▶ [How to complete this task] Give again, word for word, the line holding "- Efficiency is" and every line after it through the end of the data below. Omit pictures.

▶ [Data segment]

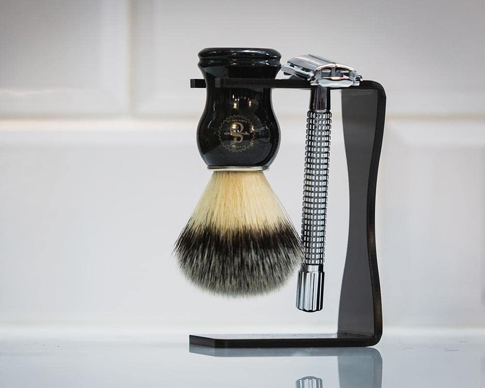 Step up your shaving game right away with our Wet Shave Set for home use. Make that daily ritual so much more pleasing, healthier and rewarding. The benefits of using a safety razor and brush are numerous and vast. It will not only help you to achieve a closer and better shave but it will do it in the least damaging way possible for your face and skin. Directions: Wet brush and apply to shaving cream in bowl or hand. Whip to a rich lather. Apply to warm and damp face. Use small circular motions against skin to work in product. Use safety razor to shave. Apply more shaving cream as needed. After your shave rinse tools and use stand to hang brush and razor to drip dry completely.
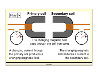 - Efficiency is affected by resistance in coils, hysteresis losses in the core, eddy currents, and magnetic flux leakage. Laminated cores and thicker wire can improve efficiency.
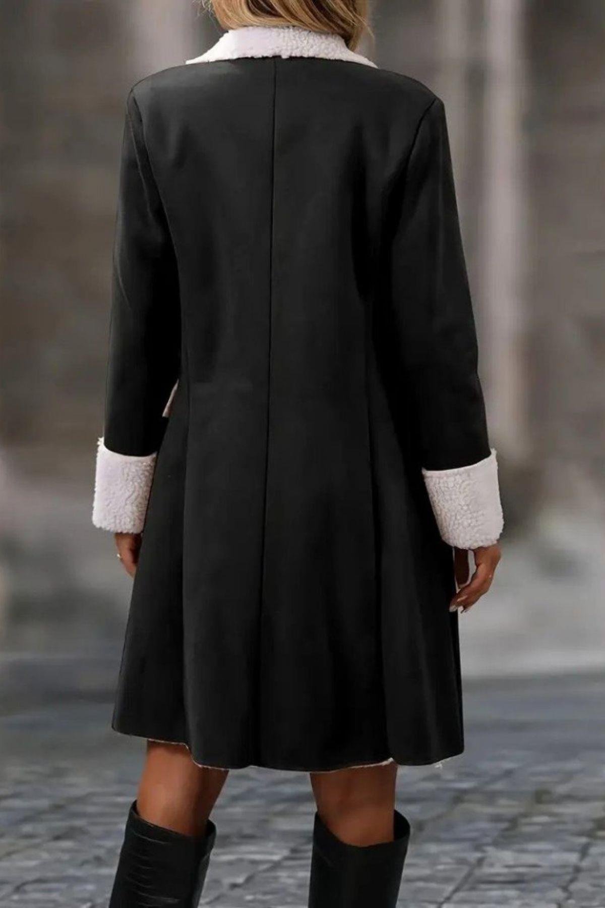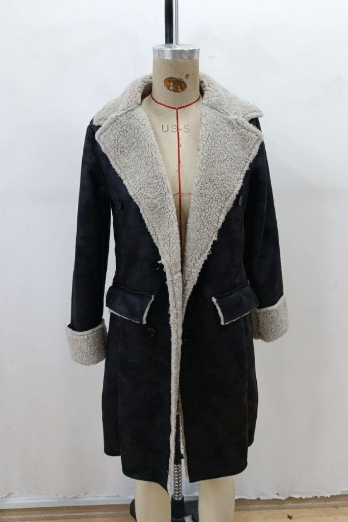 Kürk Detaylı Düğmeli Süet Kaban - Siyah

▶ [Response area]
 - Efficiency is affected by resistance in coils, hysteresis losses in the core, eddy currents, and magnetic flux leakage. Laminated cores and thicker wire can improve efficiency.
 Kürk Detaylı Düğmeli Süet Kaban - Siyah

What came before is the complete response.